The following treatment options were considered: (1) maxillary first premolar extractions, (2) Class II elastics associated with fixed appliances, (3) fixed functional appliances associated with fixed appliances, (4) distalization of the maxillary molars with a skeletally anchored appliance (anchored to palatal mini-implants) followed by fixed appliances, and (5) distalization of the entire maxillary arch with extra alveolar mini-implants or miniplates on the infrazygomatic crest. All options included dentoalveolar posterior expansion for buccal corridor decrease and stripping of the mandibular anterior teeth for moderate crowding correction.
These treatment alternatives were discussed with the patient, and she preferred to avoid premolar extractions because of esthetic concerns during treatment, a long phase wearing elastics, and did not accept the use of fixed functional appliances. In addition, she refused the idea of using miniplates. Thus, the fourth option was chosen because of the greater stability reported for palatal mini-implants , and a short period of elastics.
The treatment was performed in different phases: (1) leveling and alignment of the maxillary teeth, (2) bite opening with a palatal acrylic anterior plate associated with the leveling and alignment of mandibular canines, (3) maxillary molar distalization with the customized skeletally anchored DFD associated with leveling and alignment of the remaining mandibular teeth, (4) retraction of the maxillary anterior teeth, and (5) finishing.
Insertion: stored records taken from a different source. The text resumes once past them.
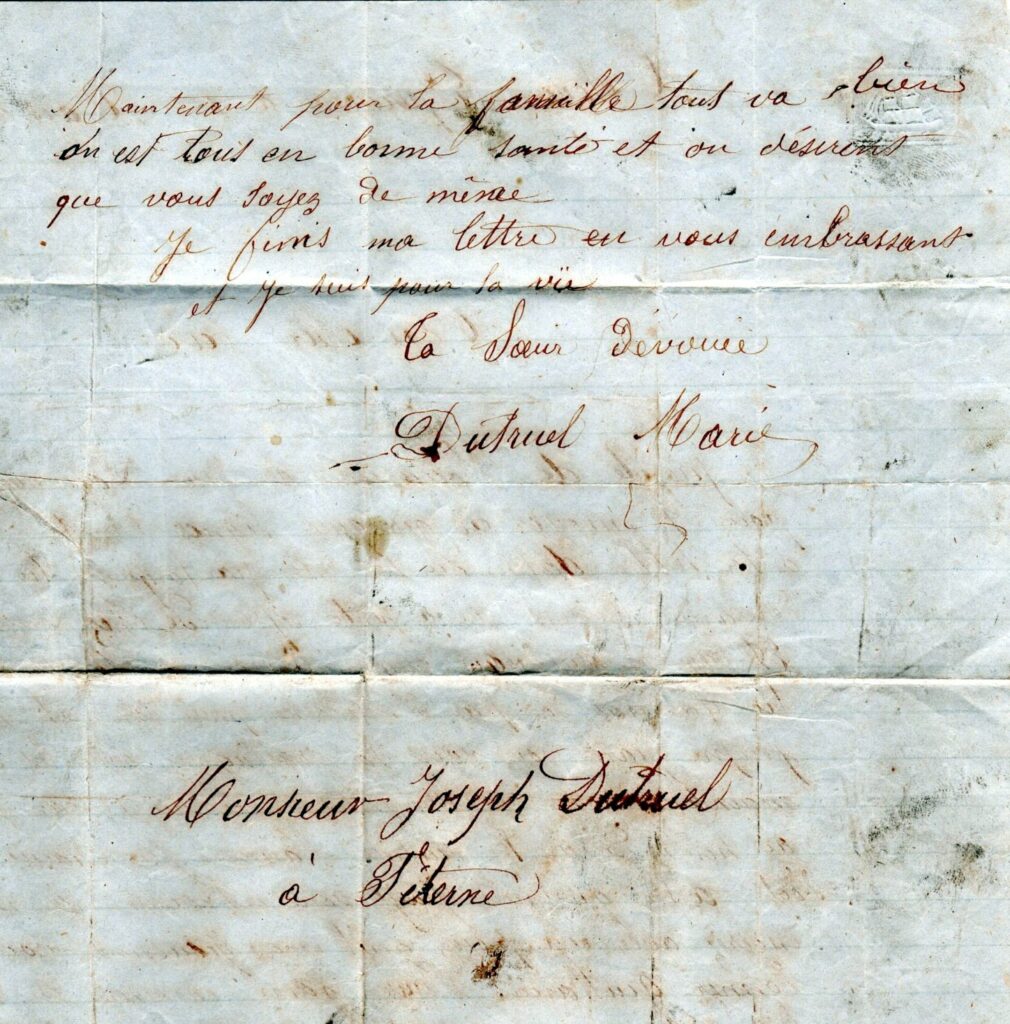 Je finis ma lettre en vous embrassant et je suis pour la vie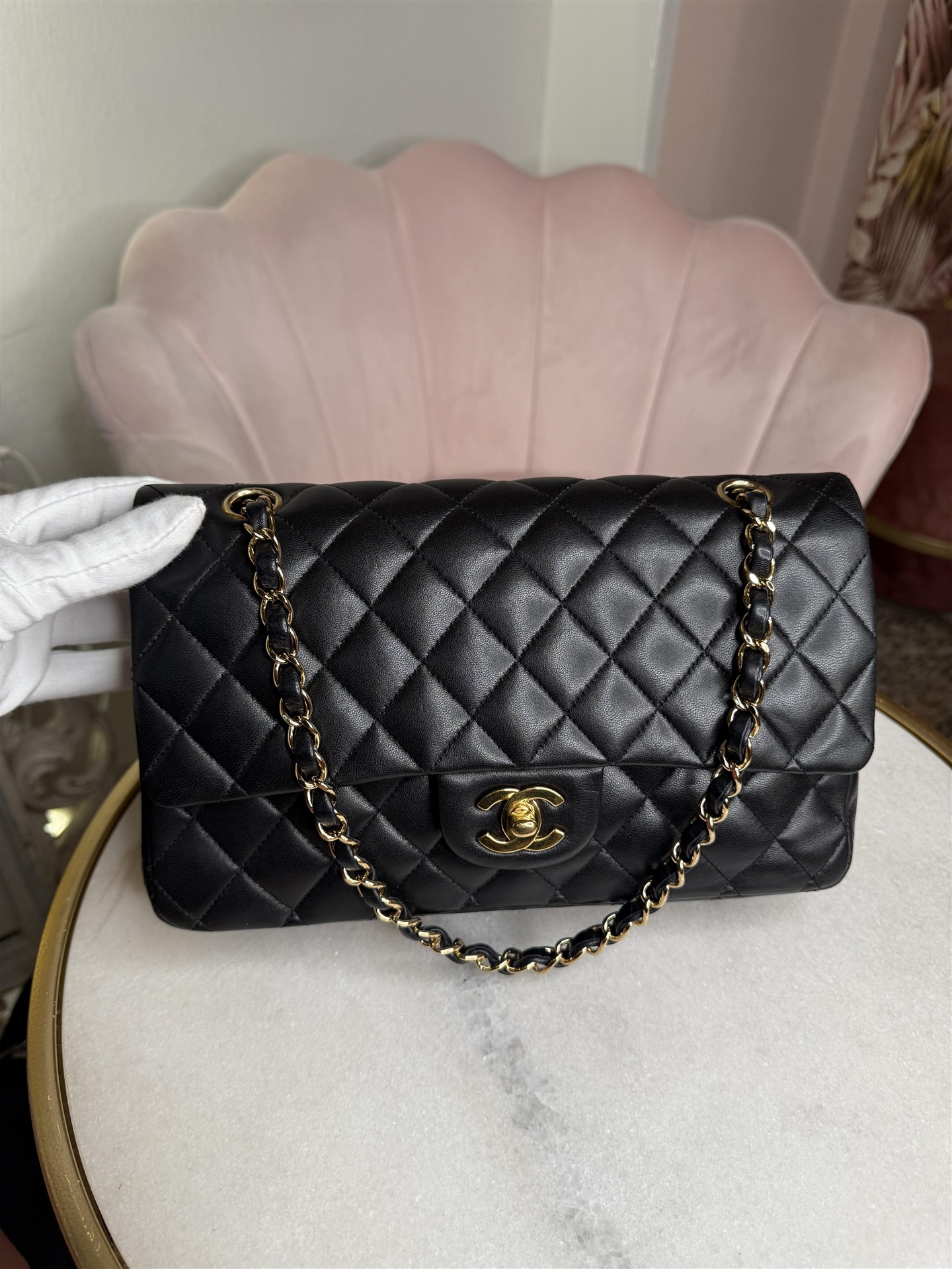 Chanel Timeless misura media in pelle di agnello color rosa con hardware silver. Si presenta in buone condizioni con qualche segno di utilizzo e lievi scoloriture sulla pelle. Doppia patta e interno in pelle rosa.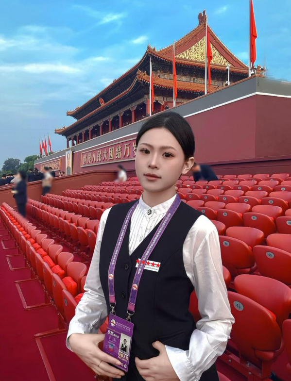 在纪念中国人民抗日战争暨世界反法西斯战争胜利80周年这一重大历史时刻的阅兵仪式上,旅游学院2023届空中乘务专业毕业生王乐作为东红观礼台安保人员,以出色的专业素养圆满完成了这项光荣使命,展现了新时代中国青年的风采。这份荣耀不仅是对王乐同学个人能力的肯定,更是我校坚持党的正确教育方针、落实立德树 人根本任务的重要体现。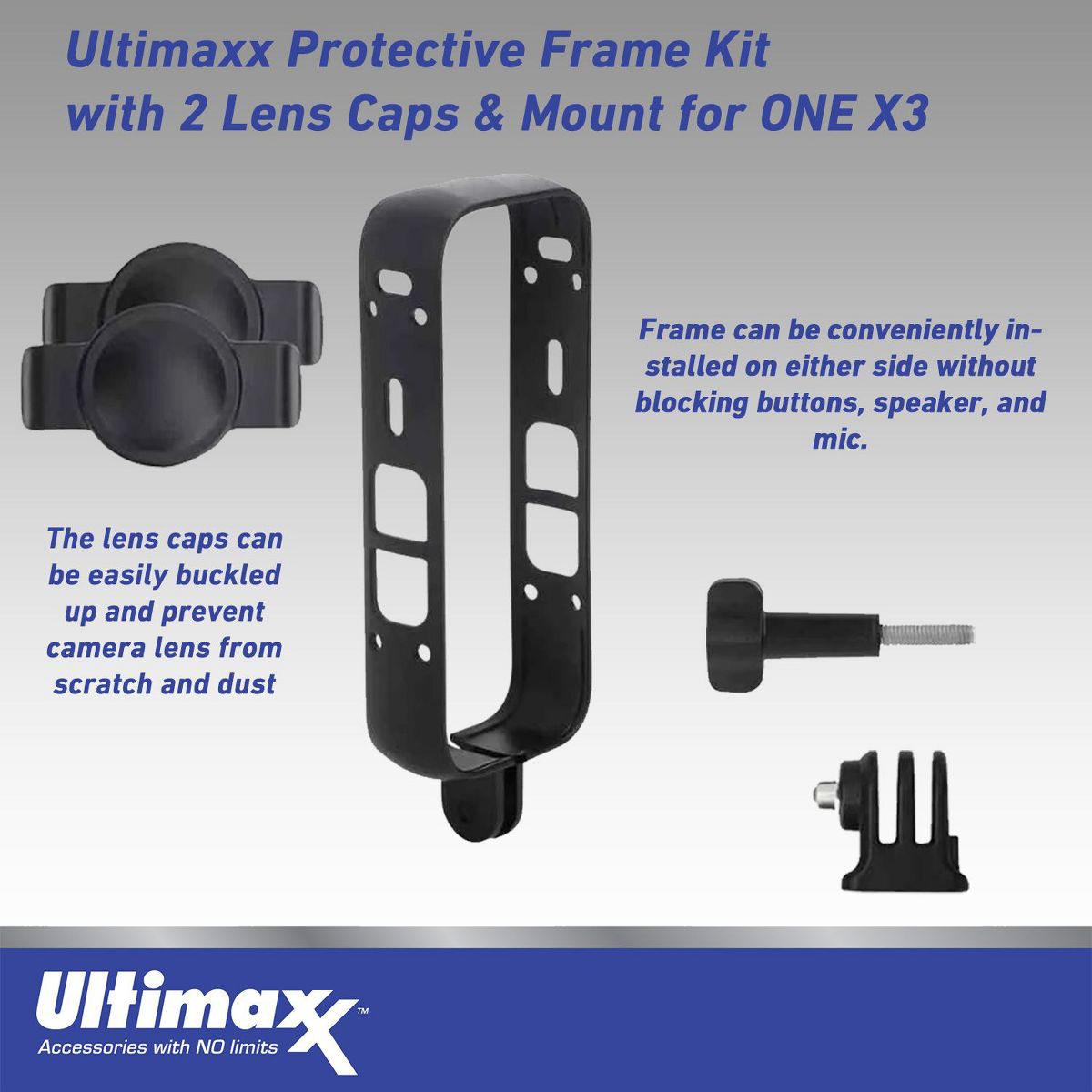 Ultimaxx ABS Frame Kit w/ 2 Lens Caps & Mount for Insta360 ONE X3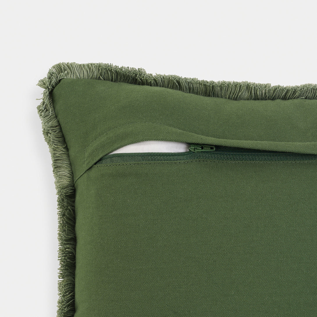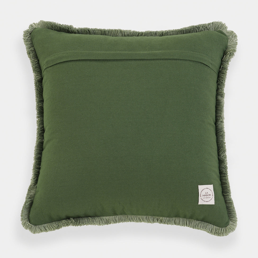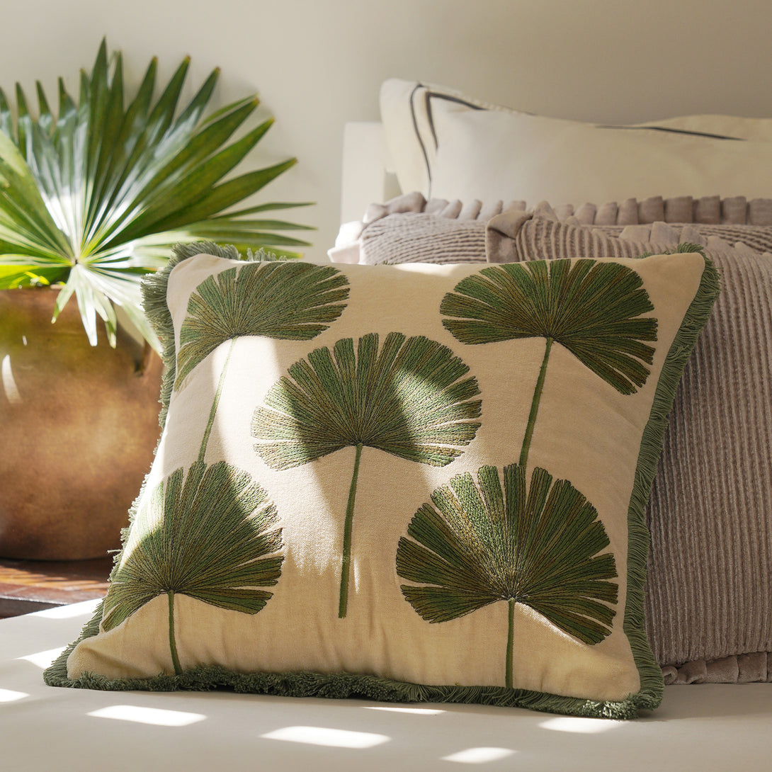 This beige cushion cover features intricate green embroidered palm leaf motifs arranged in a balanced design. The soft velvet texture and green fringed edges lend a refreshing, tropical charm to your decor.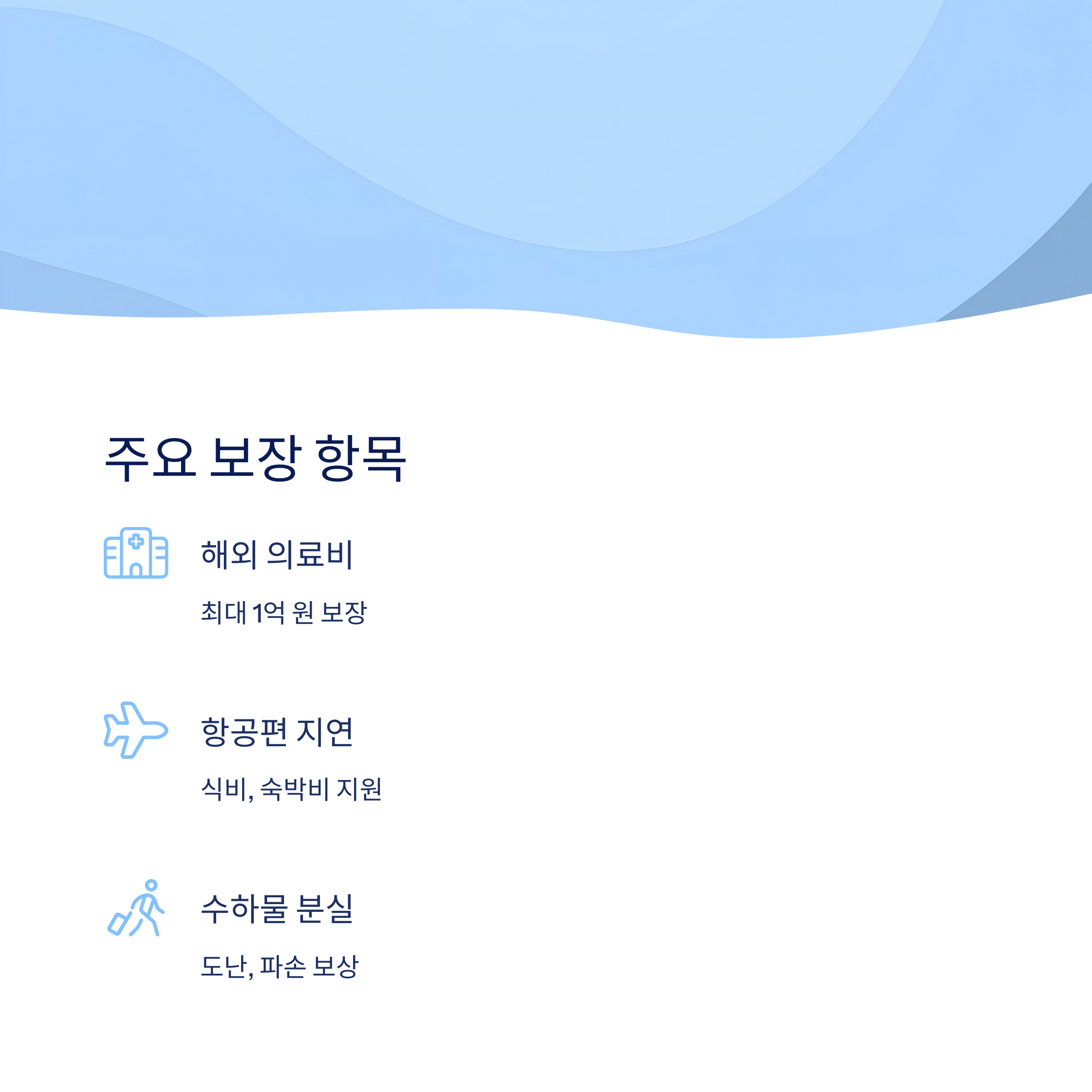 세 번째는 수하물 분실 및 파손이에요. 체크인한 가방이 목적지에 도착하지 않거나 훼손된 경우를 위한 보장이에요. 이 보장은 실제 후기를 보면 자주 언급되는 항목 중 하나예요. 보험이 없다면 자기 부담으로 감당해야 하는 비용이 적지 않거든요.
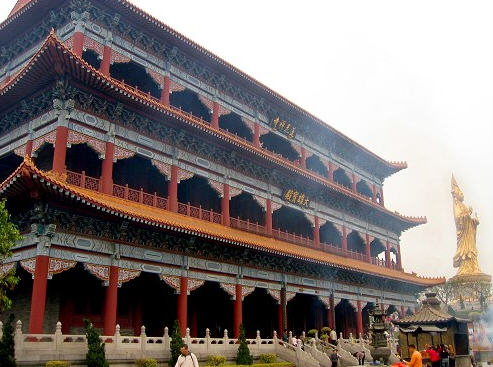 莲花禅寺坐落于珠江口狮子洋畔的莲花山旅游区内,景区内的“莲峰观海”是“新世纪羊城八景”之一。望海观音宝像高40.88米,用120吨铜铸成,外贴金箔;大型仿古单体建筑莲花禅寺,建筑面积达3872平方米,首层殿中央立有纯铜铸造的高19.19米的千手千眼观音像。

Preadjusted MBT brackets, slot 0.022 × 0.028-in (Clarity metal-reinforced ceramic brackets; 3M Unitek, 3M Dental Products, Monrovia, Calif) were used. Brackets were firstly placed in the maxillary arch ( Fig 4 , A ). Leveling and alignment was achieved with 0.014-in, 0.016-in, 0.020-in, 0.017 × 0.025-in, and 0.019 × 0.025-in nickel-titanium (NiTi) archwires. Then, a 0.018 × 0.025-in stainless steel archwire was placed. An acrylic plate was used in the anterior region of the maxillary arch to open the bite and allow mechanics in the mandibular arch. Because of the severe root mesial angulation and rotation of the mandibular right canine, initial leveling and alignment included only bands on mandibular molars and brackets on the canines. Copper NiTi 0.016-in and 0.017 × 0.025-in were used ( Fig 4 , B ). During this phase, the extraction of third molars was decided because of their initial angulation and position.